IMPORTANT snapshot your local environment

Now you need to update your virtual environment

# shows what you've installed locally for this environment
renv::status()

# creates the lockfile
renv::snapshot()

Check your main branch locally

Review your .Rbuildignore and make sure you have ignored what you need to ignore. Hidden files I believe are ignored by default – you should check that in the docs – but, if you made a tmp directory, you should add that to your .Rbuildignore.
Go to the “Build” tab in your “Environment” window in Rstudio. Click the “Check” button. This runs devtools::check() (comes along with usethis), which under the hood runs R CMD check. This * should * run quickly and have NO errors or warnings, since we haven’t installed anything. If there are errors or warnings, you need to stop and fix that.
- If you haven’t developed an R package before, or have never used this button, get used to it. You should be clicking this frequently as you develop, even though it does take some time to execute.
git add, commit, and push to main
- Note: make sure you add the hidden files which are not in your .gitignore, such as .Rprofile, .github, .Rbuildignore and .gitignore
go to github, click the “Actions” tab, and make sure that each of these CI actions actually runs. If it doens’t run now, with a completely empty package, it will be easier to fix now than it will be later.

Create a dev branch and develop

You could not do this and just develop and push to main. However, it is really, really useful to keep a main branch that actually works. For instance, right now, the renv, dockerfile, CI and pkgdown/gh-pages all work. You might do something that breaks any one of these, and debugging them is not easy. Being able to revert to a working version, and then slowly re-integrate changes to figure out what is causing the bug is far easier than making a big push to main, breaking things, and then rolling back the git history in main in my opinion.

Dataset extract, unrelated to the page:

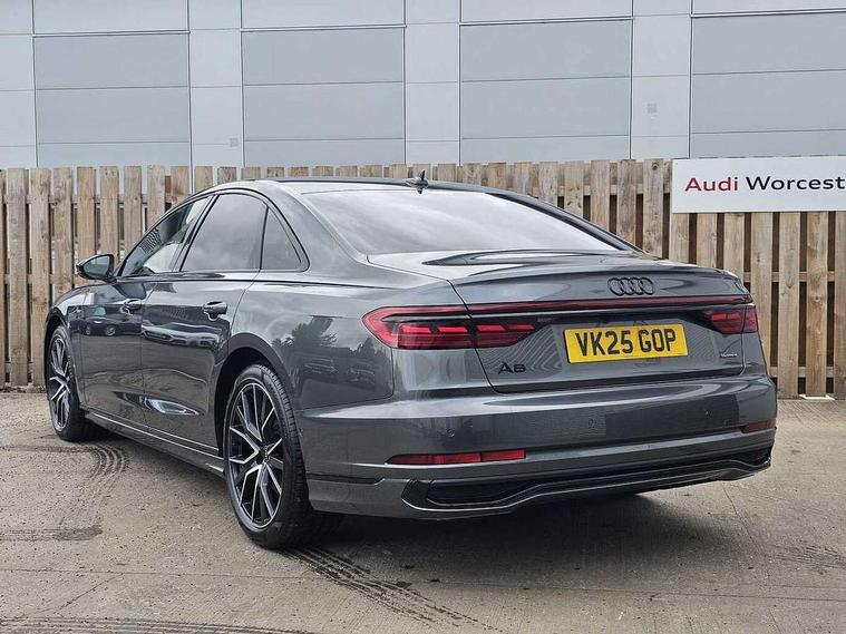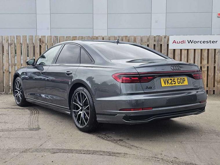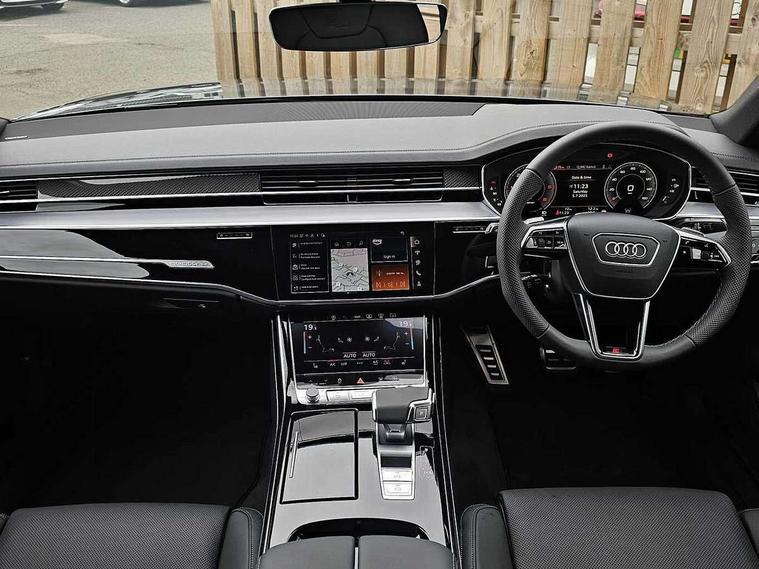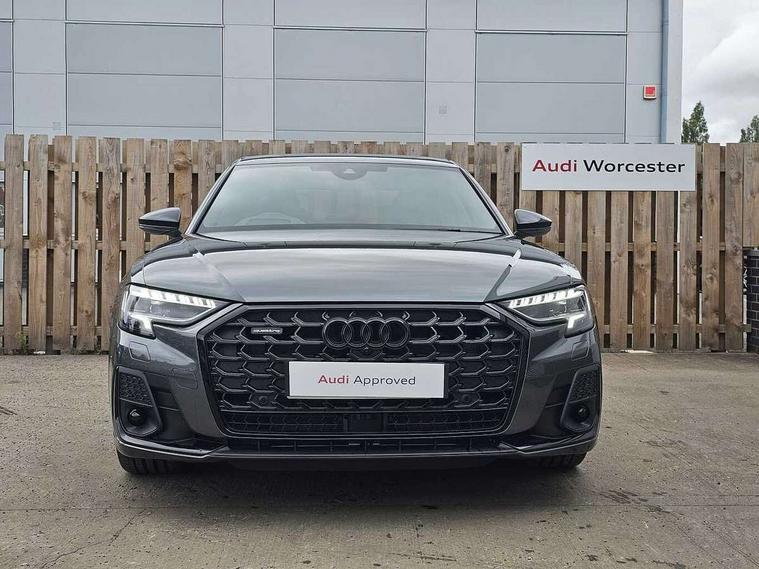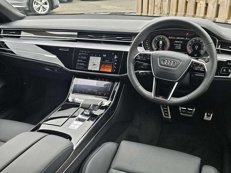 'Lights On' Reminder warning buzzer, Adaptive cruise control with cruise assist, emergency assist, efficiency assist, swerve assist, turn assist and speed limiter, Audi connect safety and service (e-call), Audi drive select, Audi parking system plus with front and rear sensors, Audi smartphone interface with app store includes wireless Apple carplay, Android auto and Amazon alexa integration, Audi virtual cockpit, Bluetooth interface, Camera based traffic sign recognition, Convenience key, Electro - mechanical power assisted steering, Head up Display, MMI navigation plus with MMI touch + Twin touch screens with haptic feedback, Operating buttons in black, glass look with haptic feedback including extended aluminium look, Power door closure, Power operated tailgate, Rear view camera, Remote fuel filler release, Service interval indicator, 24 litre AdBlue tank, 48V Mild hybrid technology, 8 speed transmission with hill hold assist, 82 litre fuel tank, Adaptive air suspension, Diesel particulate filter, Quattro all wheel drive with self locking centre differential, Audi music interface, Audi sound system, DAB digital radio module, MMI radio plus, USB connection, Acoustic double glazing, All-weather, manoeuvring, position, static cornering, turning and motorway lights with automatic dynamic headlight range control, Audi space frame, Auto dimming rear view mirror, Body colour bumpers, Dipped beam, Electric front windows, Electric rear windows with isolation switch, Electric sunblinds for rear window and rear door windows, Electrically adjustable heated folding + automatically dimming exterior mirrors with memory function and integrated LED indicators, Front wash/wipe with interval delay, HD matrix LED headlights with dynamic light presentation and dynamic indicators, Headlight cleaning system, Heat insulating darkened glass in side and rear windows, Heat insulating glass windscreen, Heated rear windscreen, Heated windscreen washer jets, High beam assist, LED brake lights, LED daytime running lights, LED third brake light, OLED rear lights with changeable rear light signature, Privacy glass, Rear boot, Rear side wing doors, Welcome/leaving lighting, 12V socket, 2 zone automatic air conditioning, 3 seat rear bench with centre armrest in 2nd row, 4 way electric lumbar support for driver and front passenger, Audi phone box light, Black cloth headlining, Centre console with cupholders, Comfort centre armrest, Door pockets with bottle holder, Driver and front passenger side sunvisors with illuminated vanity mirrors, Dust/pollen filters, Electric front seats with memory function, Front floor mats, Glove compartment cooling, Heated front seats, Height/reach electric steering column with easy exit function, Illuminated door sill trims with aluminium inlays and S diamond emblem, Isofix child seat mounting points on outer rear seats, Leather gearknob, Passenger footwell storage net, Reading lights, Rear floor mats, Rear headrests, Roof mounted sunglasses holder, Single front passenger seat, Stainless steel pedals and footrest, Upper and lower dashboard, carpet in black, Valcona leather upholstery with front sports seats in diamond quilted with S embossed logo, Black exterior styling pack - A8, Chrome exterior pack - A8, Extended LED Interior multi coloured light pack - A8, 3 point seatbelts on all rear seats, ABS/EBD, Active front headrest system, ASR traction control, Audi pre sense basic, Audi pre sense front, Black brake calipers, Driver/Front Passenger airbags, EDL traction control, Electromechanical parking brake, ESP, Extended pedestrian protection measures, Front and rear disc brakes, Front and rear side airbags with head airbag system, Front passenger airbag deactivation, Rear child proof door locks, Seatbelt reminder + electric contact in buckle + advanced safety equipment, Tyre pressure loss indicator, Warning triangle and first aid kit, Anti theft alarm tow away protection, Anti-theft wheel bolts and wheel loosening detection, Remote central locking, Carbon vector upper inlays, Dark matt brushed aluminium lower inlays,

On your local, create a dev branch (git checkout -b dev). At the very least, you’ll do your work in the dev branch, and push changes to the remote dev. You may choose to use other branches, also. But, importantly, this way you’ll be able to do your development in dev and choose when to merge it into main. It will keep your main branch “clean”, meaning to the best of your ability, your main branch will work. dev may, on the otherhand, be unstable as you develop.
- When you’re ready to merge from dev to main, this will be the point at which you bump the semantic versioning (you may choose to do this throughout your dev branch developments – lots of different methods here), rebuild the container(s), and create a ‘release’ on github. There should be an updated CHANGELOG that goes along with any version bump.
- If these instructions aren’t immediately clear and obvious, then you need to stop and go read documentation and watch youtube videos on BASIC git/github usage. This is a fundamental skill in programming today, and has been for some time.

Writing code

First, if you aren’t writing tests along with your code, then you are only doing half of your job. If you have any preconceived notions about what tests are that make you think that you shouldn’t be writing tests, then you need to get rid of those preconceived notions. They are also wrong.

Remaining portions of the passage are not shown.